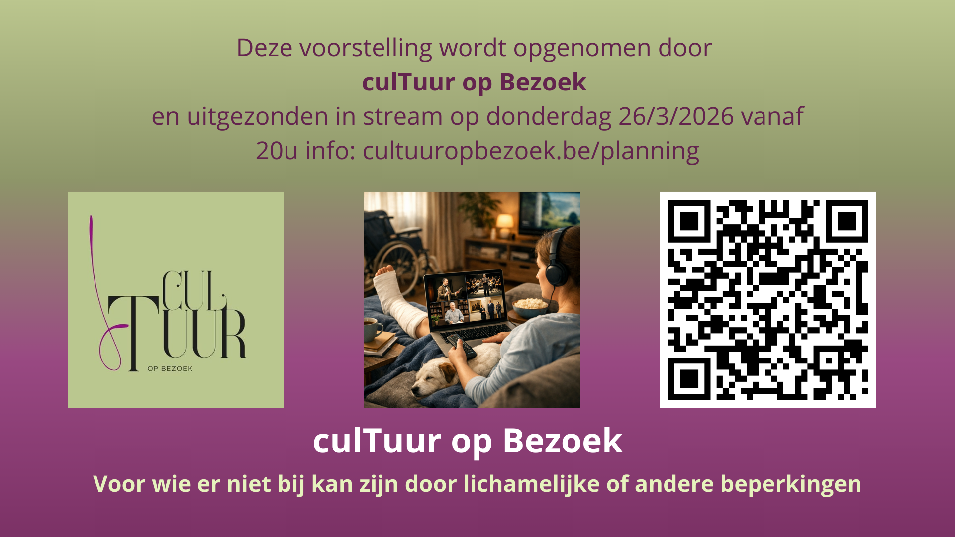 CulTuur op Bezoek is een Oudenaards vernieuwend initiatief om cultuur toegankelijk te maken voor personen die door fysieke of andere beperkingen niet zelf naar evenementen kunnen gaan. De organisatie biedt de mogelijkheid om via livestreaming de lezing door stadsarchivaris Stijn Lybeert, Broederlijk in oorlogstijden, het verhaal van Emiel en Gustaaf Vander Stuyft mee te maken. Deze voorstelling wordt opgenomen door culTuur op Bezoek en uitgezonden op 26 maart.
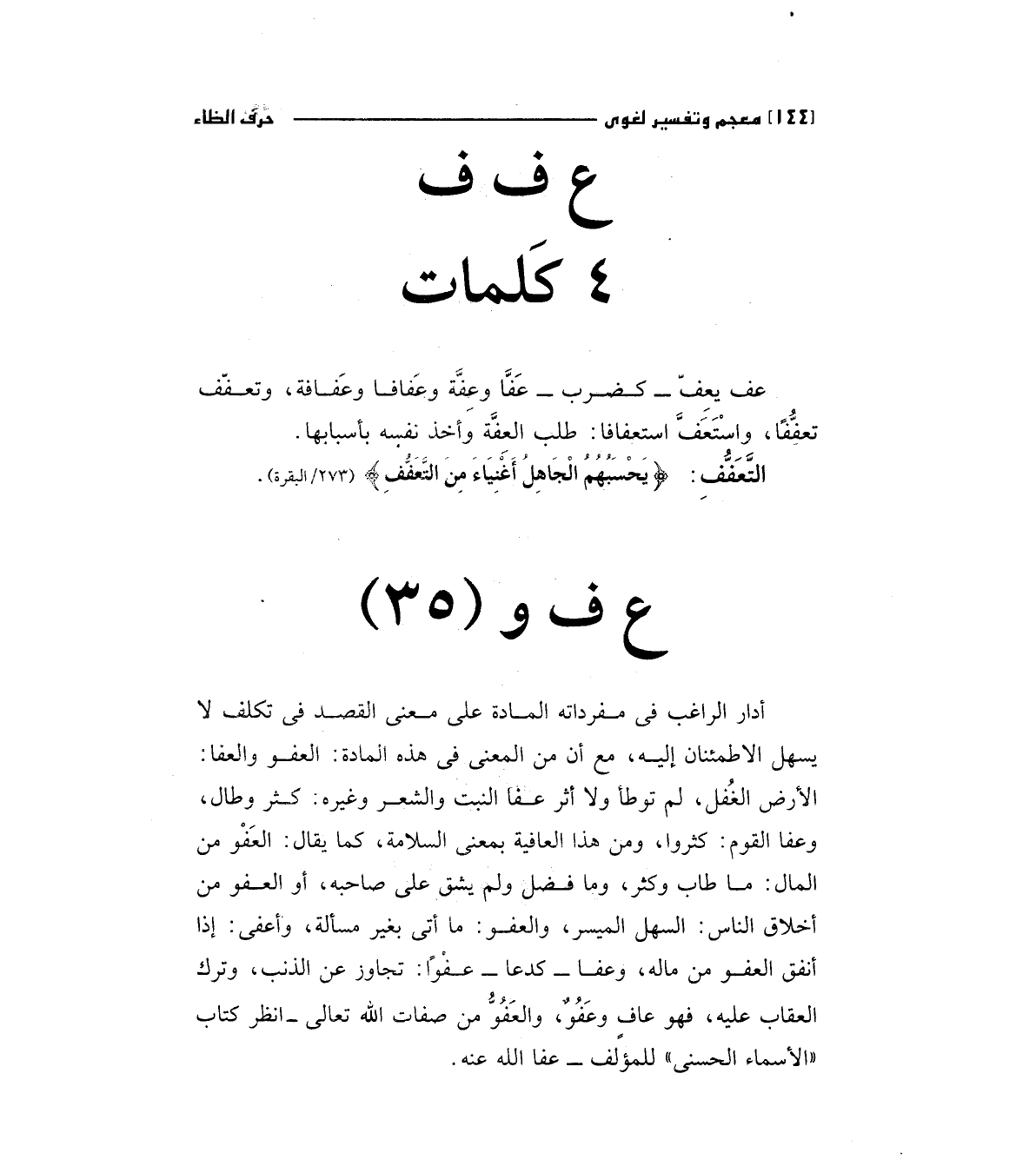 أدار الراغب في مفرداته المادة علي معني القصد في تكلف لا يسهل الاطمئنان غليه، مع أن من المعني في هذه المادة: العفو والعفا: الأرض الغفل، لم توطأ ولا أثر عفا النبت والشعر وغيره: كثر وطال، وعفا القوم: كثروا ومن هذا العافية بمعني السلامة، كما يقال: العفو من المال: ما طاب وكثر، وما فضل ولم يشق علي صاحبه، أو العفو من أخلاق الناس: السهل الميسر، والعفو: ما أتي بغير مسألة، واعفي: إذا أنفق العفو من ماله، وعفا - كدعا - عفوا: تجاوز عن الذنب، وترك العقاب عليهن فهو عاف وعفو، والعفو من صفات الله تعالي - انظر كتاب "الأسماء الحسني " للمؤلف - عفا الله عنه.
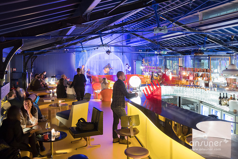 L形的平面创建了两个功能迥异的空间:由弯曲长桌排列而成的工作空间和多元化的咖啡休闲区。这两个区域以完全不同的设计手法和色彩营造各自惬意的氛围。蜿蜒流动的长桌不仅生成丰富有趣的空间形态,也促进了邻里间的互动交流。

---

#### TASK ITEM
Please write out, exactly, every line from the line with "أدار الراغب في" through the final line of the data above, leaving out pictures.

#### EXERCISE ANSWER
 أدار الراغب في مفرداته المادة علي معني القصد في تكلف لا يسهل الاطمئنان غليه، مع أن من المعني في هذه المادة: العفو والعفا: الأرض الغفل، لم توطأ ولا أثر عفا النبت والشعر وغيره: كثر وطال، وعفا القوم: كثروا ومن هذا العافية بمعني السلامة، كما يقال: العفو من المال: ما طاب وكثر، وما فضل ولم يشق علي صاحبه، أو العفو من أخلاق الناس: السهل الميسر، والعفو: ما أتي بغير مسألة، واعفي: إذا أنفق العفو من ماله، وعفا - كدعا - عفوا: تجاوز عن الذنب، وترك العقاب عليهن فهو عاف وعفو، والعفو من صفات الله تعالي - انظر كتاب "الأسماء الحسني " للمؤلف - عفا الله عنه.
 L形的平面创建了两个功能迥异的空间:由弯曲长桌排列而成的工作空间和多元化的咖啡休闲区。这两个区域以完全不同的设计手法和色彩营造各自惬意的氛围。蜿蜒流动的长桌不仅生成丰富有趣的空间形态,也促进了邻里间的互动交流。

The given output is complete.